A cet égard, le Parlement irlandais, indique la BBC, a été rappelé aujourd'hui pour une session extraordinaire afin de débattre de l'affaire : le gouvernement d'Enda Kenny espère obtenir l'approbation de sa décision de rejeter l'amende de Bruxelles à l'encontre d'Apple.

Un impôt européen n'est pas encore pour demain

Et en attendant que les autorités irlandaises statuent sur cette question, les Européens entendent poursuivre leurs efforts en matière de lutte contre l'évasion fiscale, voire d'harmonisation de l'impôt sur les sociétés. Aujourd'hui au Parlement européen à Bruxelles, se tient en effet un débat sur l'avenir du financement de l'Union [L'Express]. "Qu'il s'agisse de relancer la croissance avec le plan Juncker ou de faire face à la crise des réfugiés, les fonds manquent", rappelle l'hebdomadaire sur son site.

Ne représentant que 1% du PIB de l'Union – soit 155 milliards d'euros – le budget européen est reversé à 80% aux Etats membres. Et "sur la part qui reste, et qui pourrait être attribuée à des projets supranationaux, un tiers va au fonctionnement des institutions. Il ne reste donc plus qu'environ 14% du budget pour des projets supranationaux", déplore Jean Arthuis, interrogé par L'Express. Pour l'ancien ministre de l'Economie aujourd'hui eurodéputé, il s'agit d'un "budget d'impuissance", mettant l'Europe "en danger".

Pour remédier à cette situation, l'idée de créer un impôt européen est donc réactivée. Même si dans le contexte actuel de la poussée historique de l'euroscepticisme, il y a peu de chance d'assister à des avancées rapides et concrètes en la matière. Une piste plus réaliste semble en revanche être les propositions de l'OCDE, discutées lors du G20 de Hangzhou (Chine) les 4 et 5 septembre derniers.

L'OCDE défend son reporting par pays, vers un grand soir de la fiscalité mondiale ?

Alors qu'entre 100 et 240 milliards de dollars "échapperaient chaque année aux administrations fiscales", la "divulgation par les multinationales d'informations sur leurs activités, impôts et profits", serait de nature à changer la donne, estime le syndicaliste Anthony Escurat dans une tribune parue dans Les Echos. Il s'agirait ici du désormais connu "reporting par pays", idée d'ores et déjà reprise par la Commission, devant avoir pour effet "d'instaurer plus de transparence et d’éviter qu’une entreprise dont les activités se concentrent essentiellement en France ne paye finalement ses impôts au Luxembourg".

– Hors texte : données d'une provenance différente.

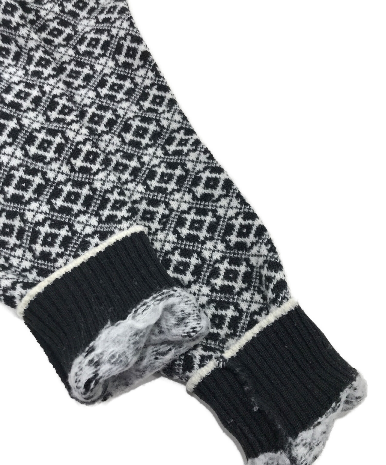 • seven by seven(セブンバイセブン)seven by seven (セブンバイセブン) ノルディックセーター ホワイト×ブラック サイズ:Lの古着・服飾アイテム 内部袖口毛羽立ち
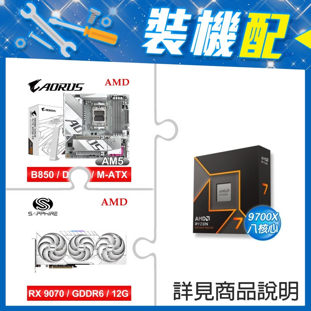 ☆裝機配★ AMD R7 9700X+技嘉 B850M AORUS ELITE WIFI6E ICE M-ATX主機板+藍寶石 PURE 極地 RX 9070 GRE GAMING OC 12GB 顯示卡
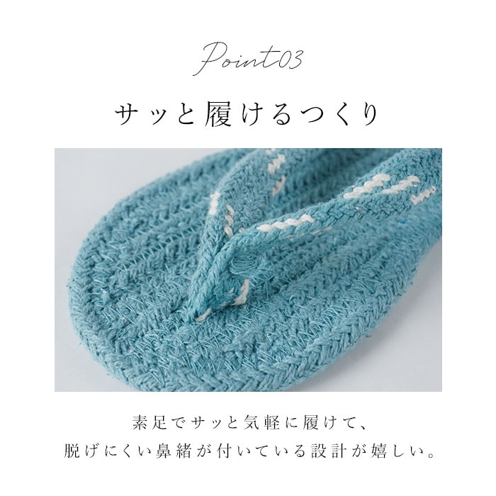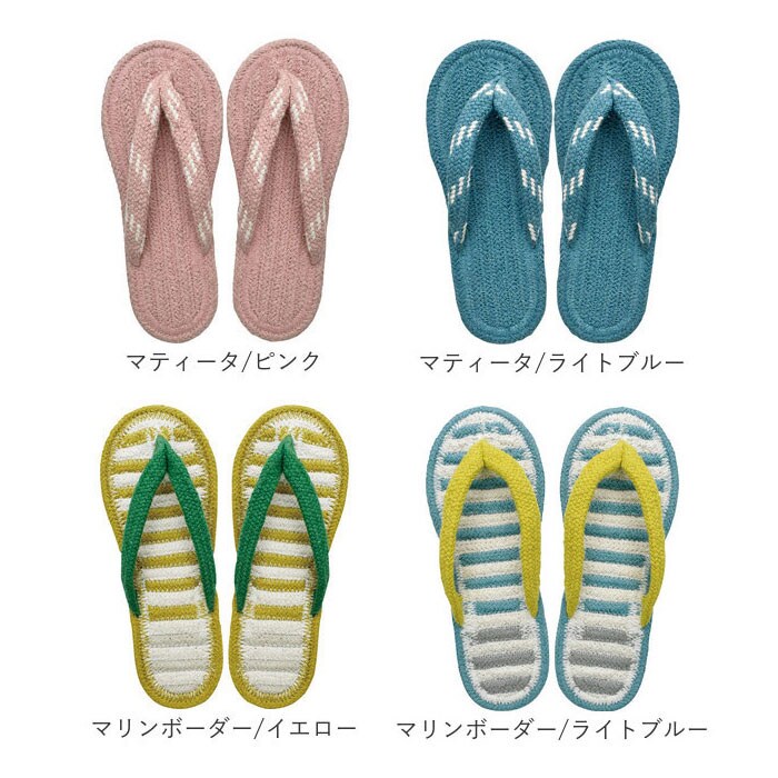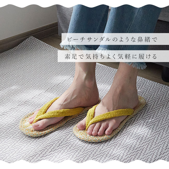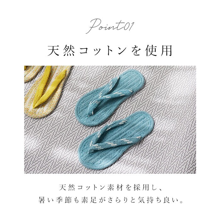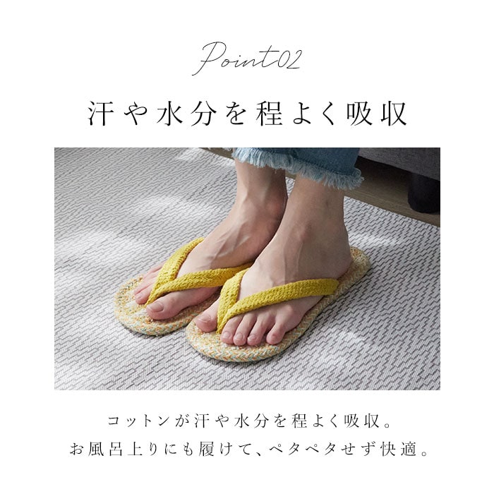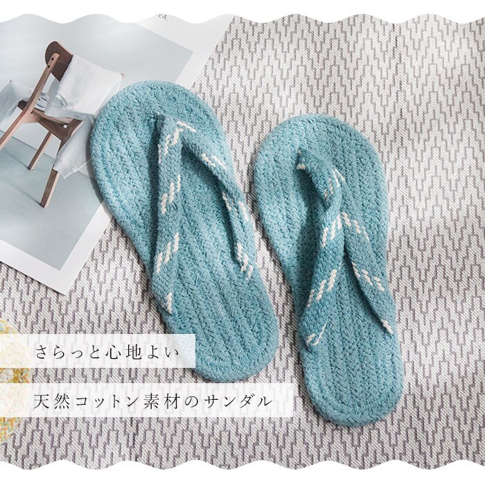 | 商品説明 | 天然コットン素材でサラサラの履き心地!リラックスタイムに履けるレディースコットンサンダル。ビーチサンダルのような鼻緒が付いて、素足で気持ちよく気軽に履ける!天然コットン素材が肌にやさしいルームサンダル。コットンが汗や水分を程よく吸収!お風呂上りにサッと履けて、フローリングでもペタペタしなくて快適♪スリッパのようにつま先が覆われていないので、真夏でも足がムレずに爽やか。ビーチサンダルタイプなので、見た目にも涼し気で清潔感もバッチリ!鼻緒部分もコットン素材で、指の付け根が痛くなりにくいやさしい造り。ゆったり履けるフリーサイズ。(底面の外寸は約25cmです。)コットン素材なので、気軽に手洗いが出来て、お手入れ簡単。いつでも清潔に履ける! |
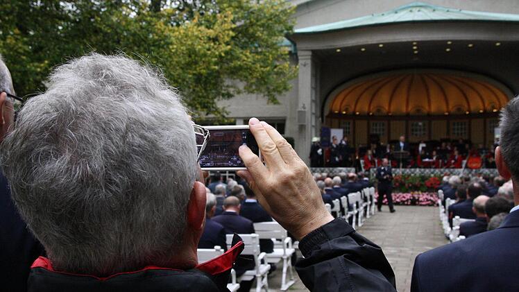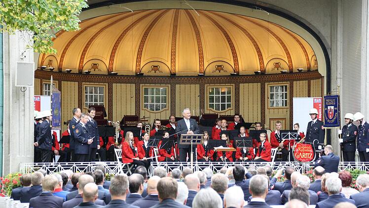 Zahlreiche politische Themen standen im Mittelpunkt der 21. Landesfeuerwehrtagung in Bad Kissingen. So diskutierten die mehr als 300 Delegierten über die Ausstattung der Feuerwehrschulen, die Verwendung der Feuerschutzsteuer oder der höheren Förderung von Anschaffungen. Vor dem Regentenbau gaben Vertreter der 115 Feuerwehren im Landkreis Bad Kissingen dagegen Einblicke in die ganz konkrete Arbeit: Am Morgen begrüßten zunächst rund 50 Fahnenabordnungen den Minister, rund um den Kurgarten standen dann moderne Fahrzeuge, mit der Drehleiter der Bad Kissinger Feuerwehr verschaffte sich Innenminister Herrmann sogar einen Überblick über die Liegenschaften des Freistaates.
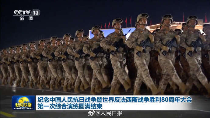 综合央视新闻、人民日报,8月9日夜间至8月10日凌晨,北京天安门地区举行了纪念中国人民抗日战争暨世界反法西斯战争胜利80周年大会第一次综合演练,约2.2万人参加演练及现场保障工作。
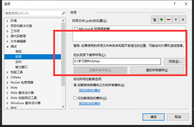 另外,其实到上一步已经配好了,但是到了关键时候VS2017总是说我少各种dll文件,百度上面说不用理这种错误,可以选择勾选微软符号服务器来下载缺失的dll文件。
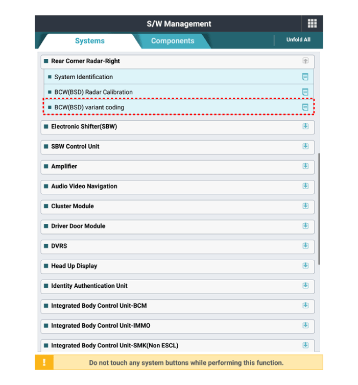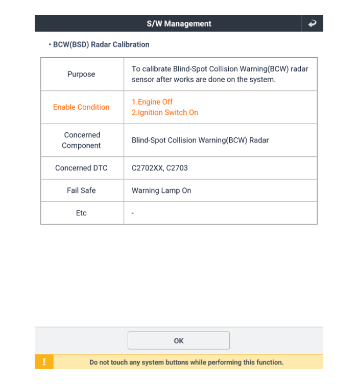 Выберите процедуру «BCW(BSD) Radar Calibration» в «Rear Corner Radar».
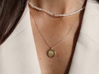 Golden Glamour - Perle Naturale - bijuteria are lungimea de 38 cm, cu posibilitatea de extindere până la 40 cm, iar înălțimea perlelor este de 3 mm. Placajul este realizat din Aur Galben 14K cu grosimea de 2 microni.
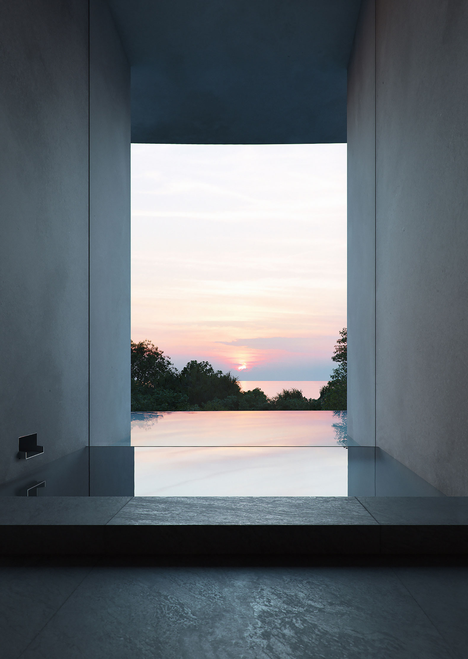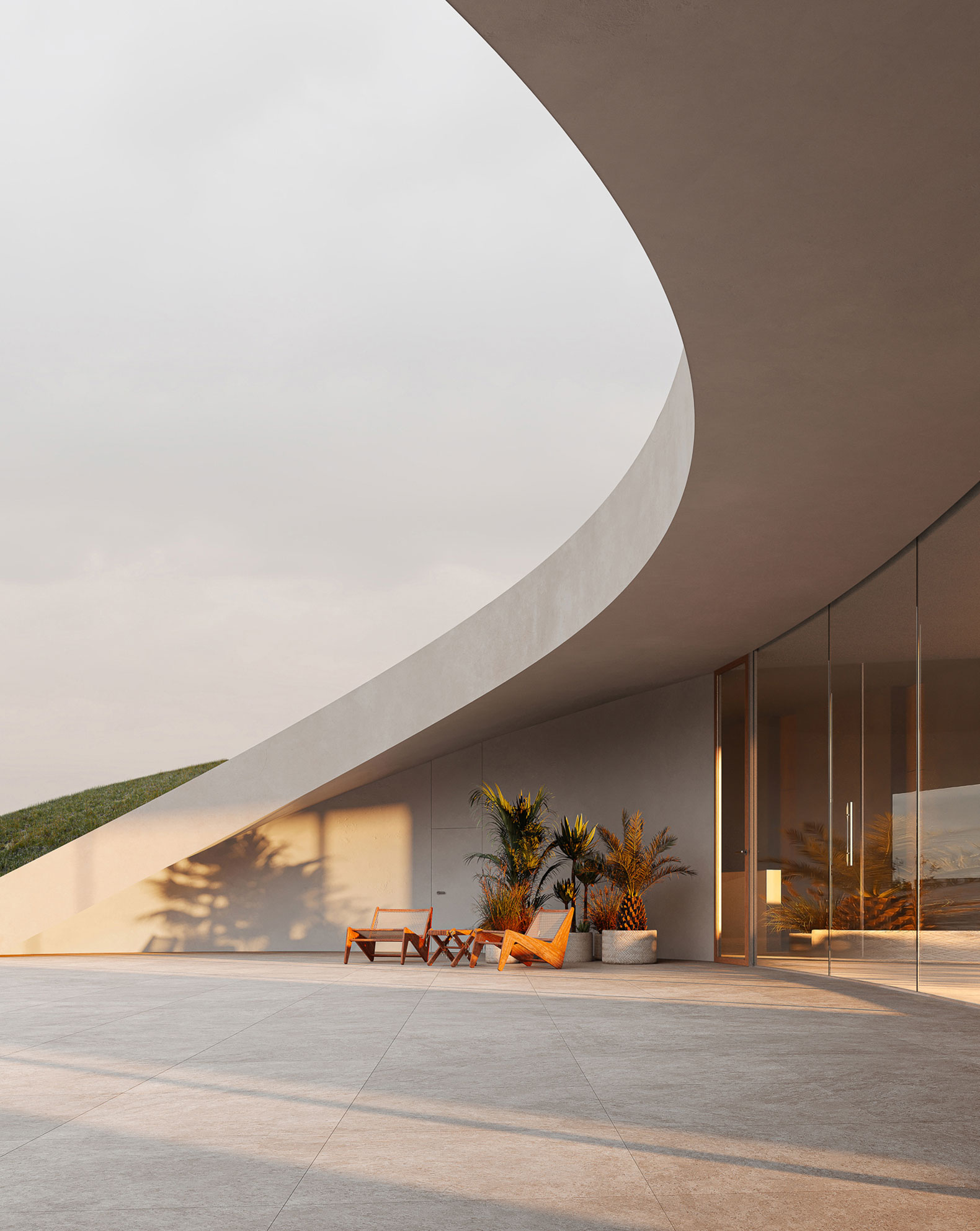 Si bien la vista principal del edificio es hacia el mar, el patio es un mundo aparte. Al entrar en el edificio, se siente como visitar otro planeta, un mundo donde las únicas sensaciones son la atmósfera, el mar y el cielo.
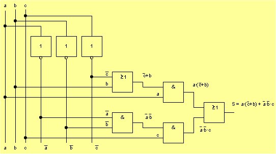 Por ejemplo:, una función lógica de tres variables puede ser:
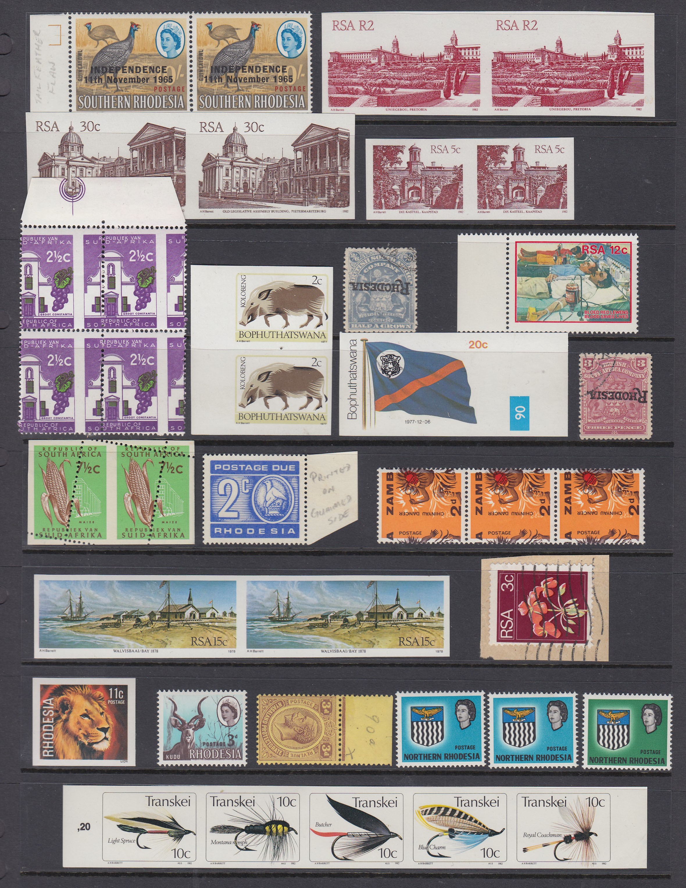 A mint and used collection of African stamp varieties/errors, mainly RSA and Homelands including imperforates/miss-perfs/missing colours, noted RSA 1949 UPU ‘Lake in Africa’, 1976 3c missing intaglio printing with certificate 1980 Buildings issue with various flaws including imperforate pairs, Northern Rhodesia QEII missing values, Southern Rhodesia QEII 10/- Tail Feather Flaw , good Cat value
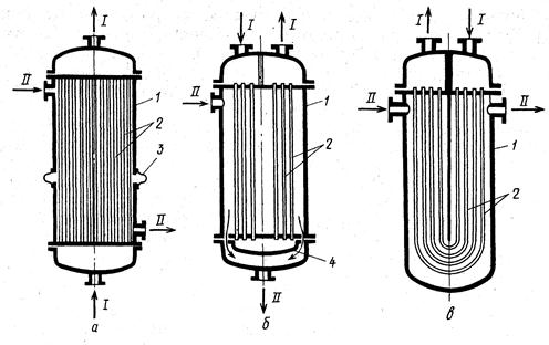 а-теплообменник с линзовым компенсатором (полужесткая конструкция); б-аппарат с плавающей головкой;
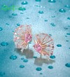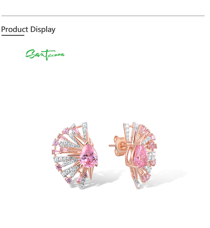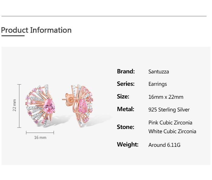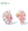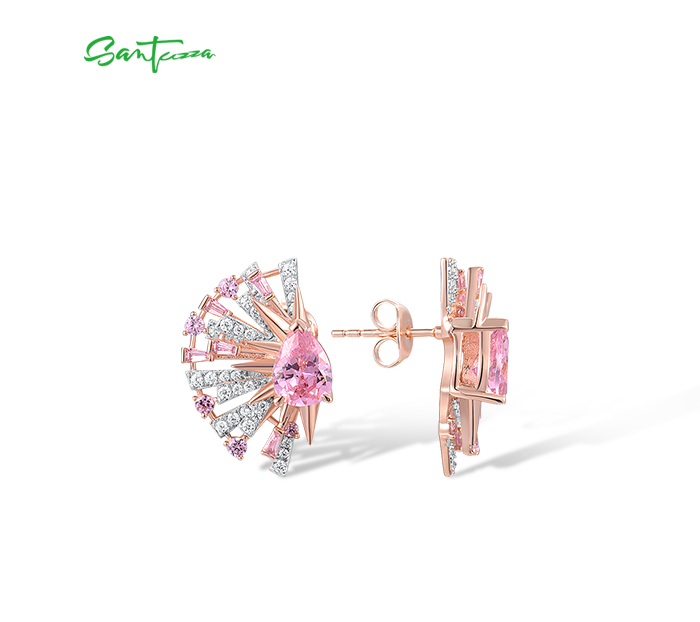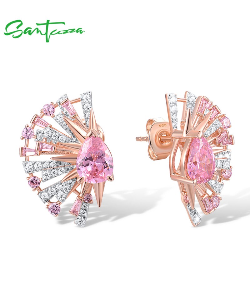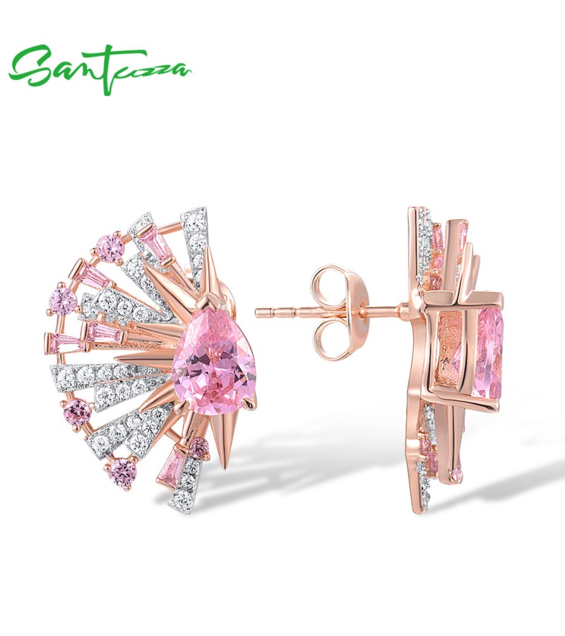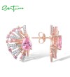 SANTUZZA 925 Sterling Silver Earrings Pink White Cubic Zirconia Fan Shaped Jewelry
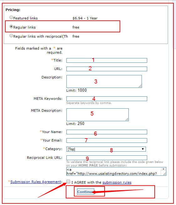 10. Reciprocal Link URL Ko Khali chhor dena hai.
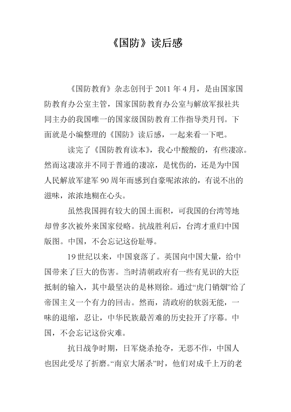 我深刻体会到国防建设需要全社会的共同参与,我们要加强国防教育,提高全民的国防意识,形成全社会共同参与国防建设的良好氛围。
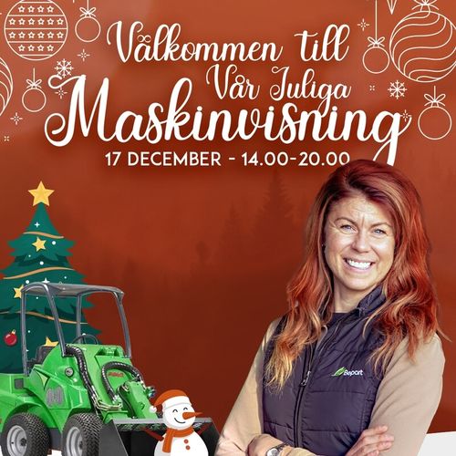 En eftermiddag fylld med inspirerande maskiner, exklusiva erbjudanden och härlig julstämning väntar dig hos oss! Passa dessutom på att ta del av verkstadens specialerbjudanden och diskutera service och reparationer med våra kunniga experter. Vi bjuder på förtäring, julmiljö och trevligt sällskap. Vi erbjuder också unika rabatter på utvalda redskap och tillbehör, så det finns gott om möjligheter att göra klipp inför vinterns arbete.

Les géants du numérique, dont Apple, seraient les premiers visés par le dispositif. Tandis que "les critères objectifs d'identification des juridictions non coopératives en matière de transparence fiscale", ont été approuvés à Hangzhou par les membres des vingt principales économies de la planète. Ce sera "dissuasif", a d'ailleurs assuré Michel Sapin, ministre français de l'Economie et des Finances, qui veut également y voir un "succès français et européen dans cette volonté d'une meilleure régulation", rapporte Le Monde.

De là à envisager une révolution fiscale au niveau mondial ? C'est un pas de géant que proposent d'accomplir deux parlementaires français, Eric et Alain Boquet, frères, communistes, et auteurs du livre Sans domicile fisc, à paraître jeudi, dans lequel ils prônent l'organisation d'une "COP fiscale" [Libération]. "A fléau planétaire, gouvernance mondiale pour mettre la finance et la fiscalité au service des peuples et du développement", martèlent ainsi les frères Boquet, prenant même exemple sur le Trésor américain et sa "dissuasion atomique" concernant l'obligation pour les banques mondiales de lui fournir des informations sur leurs clients américains, "faute de quoi elles seront interdites d'exercer" aux Etats-Unis. "Un vœu très pieux à ce stade", conclut le quotidien sur son site, "mais qui ne tente rien n'a rien".